Full information about CQC’s regulatory response to the more serious concerns found during inspections is added to reports after any representations and appeals have been concluded.

Follow up

We will request an action plan for the provider to understand what they will do to improve the standards of quality and safety. We will work alongside the provider and local authority to monitor progress. We will return to visit as per our re-inspection programme. If we receive any concerning information we may inspect sooner.

For more details, please see the full report which is on the CQC website at www.cqc.org.uk

7 March 2018

During a routine inspection

Cure Healthcare Service Ltd is a domiciliary care agency. It provides personal care to older people; people living with dementia; people who misuse drugs and alcohol; people with physical disabilities; learning disabilities and sensory impairment who live in their own homes. Its service covers the counties of Buckinghamshire and Berkshire. At the time of our visit the service provided personal care to 25 people.

The service had a registered manager. A registered manager is a person who has registered with the Care Quality Commission to manage the service. Like registered providers, they are ‘registered persons’. Registered persons have legal responsibility for meeting the requirements in the Health and Social Care Act and associated Regulations about how the service is run.

This is our first inspection of the service since the provider registered with us on 13 February 2017.

People and their relatives spoke positively about the caring nature of staff. A person commented, “I have observed the carer is such a caring person. She is patient, kind and keen to please.” This was observed during our home visits.

People received care and support from staff that had a good understanding of their care and support needs. Staff protected their privacy when personal care was carried out and their dignity was also respected. We found staff were respectful of people’s cultural and spiritual needs. People were able to express their views and be actively involved in making decisions about their care.

The service had recruitment processes in place but these were not always robust. We made a recommendation about checking job application forms. People said they felt safe when receiving care and support from staff. Staff knew how to keep people safe from abuse and had attended the relevant training. Medicines were administered by staff whose competencies were assessed and people were kept safe from infection.

People were supported to have maximum choice and control of their lives. However, the service was not always compliant with Mental Capacity Act 2005 and its codes of practice. We made a recommendation about this.

Staff were not always appropriately supervised. We made a recommendation for the service to seek current guidance on staff supervisions and appraisals. Staff worked within the principles of the Equality Act 2010 to make sure people were not discriminated against. People’s nutritional and healthcare needs were met.

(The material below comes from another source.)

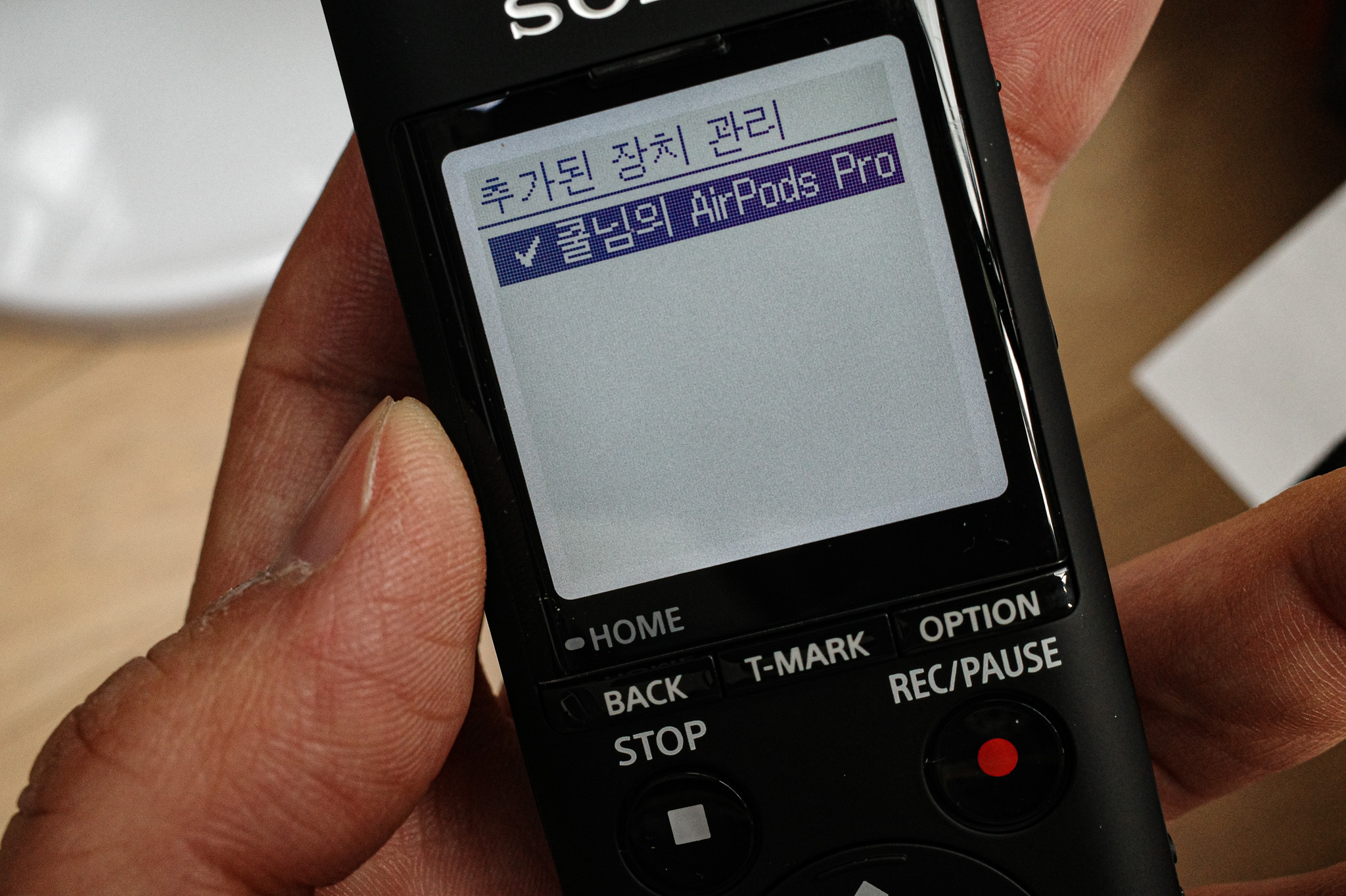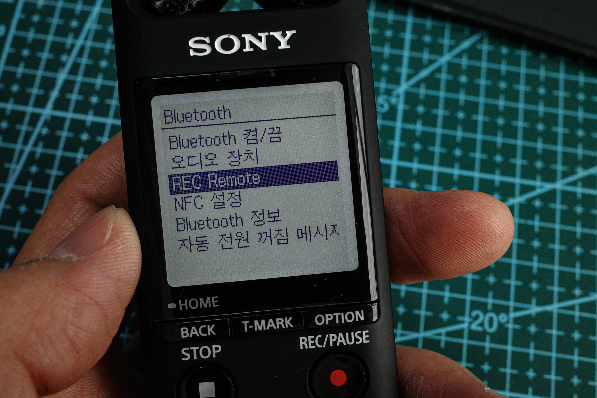 이때 소니 녹음기에서 블루투스 설정 -> REC REMOTE에서 연결을 해줘야 한다.

Most of people’s initial assessments made sure plans of care were personalised and based on what people said they wanted. In some instances the service failed to discuss people’s preferences for end of life care. We made a recommendation for the service to review best practice in recording end of life preferences and wishes.

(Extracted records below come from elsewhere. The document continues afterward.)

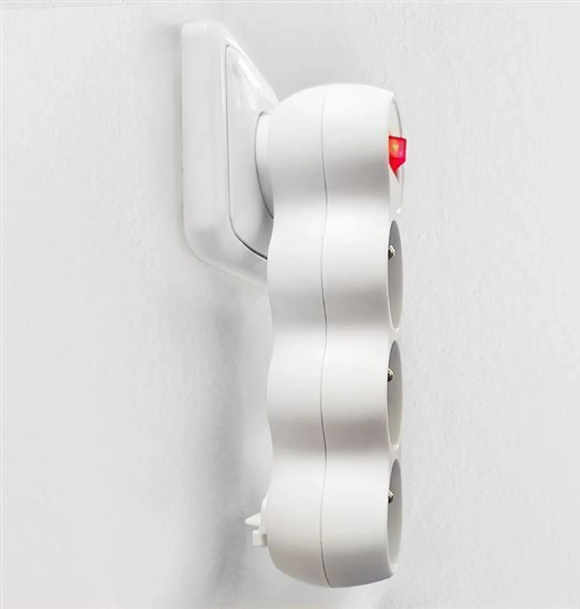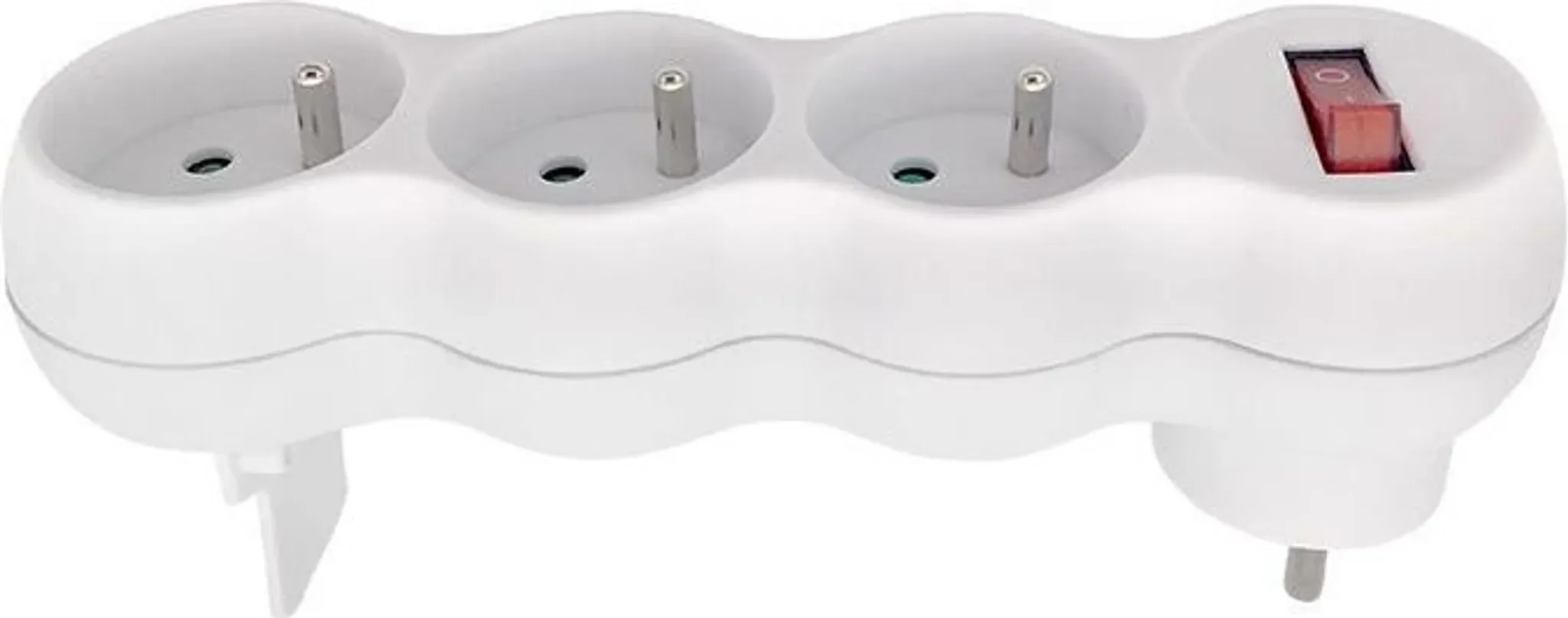 Kompakter 3-fach Verteiler-Adapter von Solight mit integriertem Schalter und praktischer Halterungsstütze. Ideal für Doppel-Wandsteckdosen, ohne die obere Dose zu blockieren. Durch die verstellbare Stütze bleibt der Adapter stabil, auch wenn Kabel häufig ein- oder ausgesteckt werden – perfekt für Schreibtische, Küchenzeilen, Werkstätten oder Mehrfachgeräte.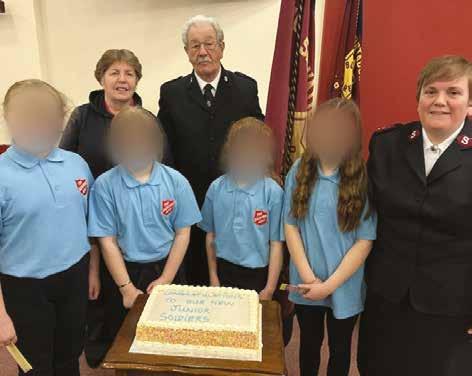 ON Covenant Sunday, Anna, Amy, Lily and Lexi were enrolled as junior soldiers by corps leader Captain Lisa Cunningham. A cake was enjoyed at the end of the morning meeting as we celebrated these young people and their commitment to following the Lord. They are pictured with Sunday school leader Sharon Winter, who led them through their junior soldier preparation classes, and George Parks, who held the flag. – LC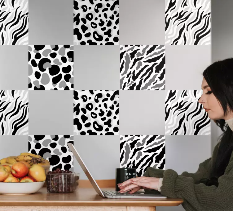 Transforma qualquer espaço com o nosso Autocolante decorativo azulejos com padrão elegante! Com um design gráfico que combina perfeitamente telhas e azulejos, esta peça apresenta uma estampa de animal leopardo em um estilo monocromático. A textura geométrica e moderna traz um toque sofisticado que se adapta a diversos ambientes, elevando a decoração a um novo patamar!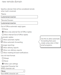 - Créez ensuite votre domaine distant (remote domain) en précisant bien que les transferts automatiques sont autorisés pour ce domaine.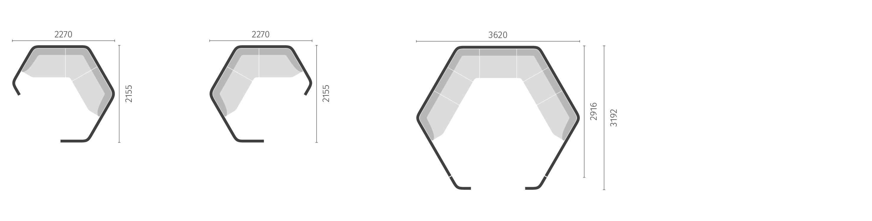 Nella variante vuota, se:hive single può essere utilizzato in diverse misure e forme come soluzione aperta. In questo modo, il sistema modulare può essere utilizzato per diversi stili di lavoro e concetti di ambiente all’interno di un open space.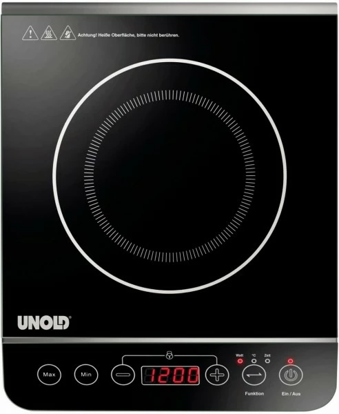 Davon schwärmen die Profis! Jetzt wird der Traum auch für Hobbyköche war: Kochen ohne Abwärme und Nachhitze. Und das Beste: Für die neue Induktionskochplatte von UNOLD® ist auch in der kleinsten Küche Platz. Energiesparendes, komfortables und blitzschnelles Kochen – einfacher geht’s nicht. Über ein elegantes Touchpad-Bedienfeld, das zur besseren Lesbarkeit abgeflacht ist, werden Temperatur und Timer eingestellt. Das bis zu 2.000 Watt starke Kochfeld ist in sechs Leistungsstufen regelbar. Der Timer ist bis auf 180 Minuten einstellbar; darüber hinaus gibt es 10 Temperaturstufen, von 60° C bis 240° C. Die 3-fach Sicherheitsfunktion passt das Gerät an Änderungen der Stromspannung an, schaltet die Platten nach spätestens zwei Stunden von alleine ab und erkennt selbständig für Induktion ungeeignete Töpfe. Überhitzungsschutz und Kindersicherung sind serienmäßig vorhanden.

People knew how to raise concerns. We found the service responded to complaints appropriately. We have made a recommendation for the service to ensure its complaint’s policy is available to all people. The service made sure information was given to people with disabilities or sensory impairments in a format that met their communication needs.

People and their relatives felt the service was well-led and staff spoke positively about the support they received from management. People were given the opportunity to express their opinions about different aspects of the service.

Quality assurance systems and processes in place were not regularly monitored for their effectiveness. Therefore, the service was not always able to identify where quality and safety was compromised and the risks to people.

We found a breach in the regulations as a result of this inspection. You can see what action we told the provider to take at the back of the full version of the report.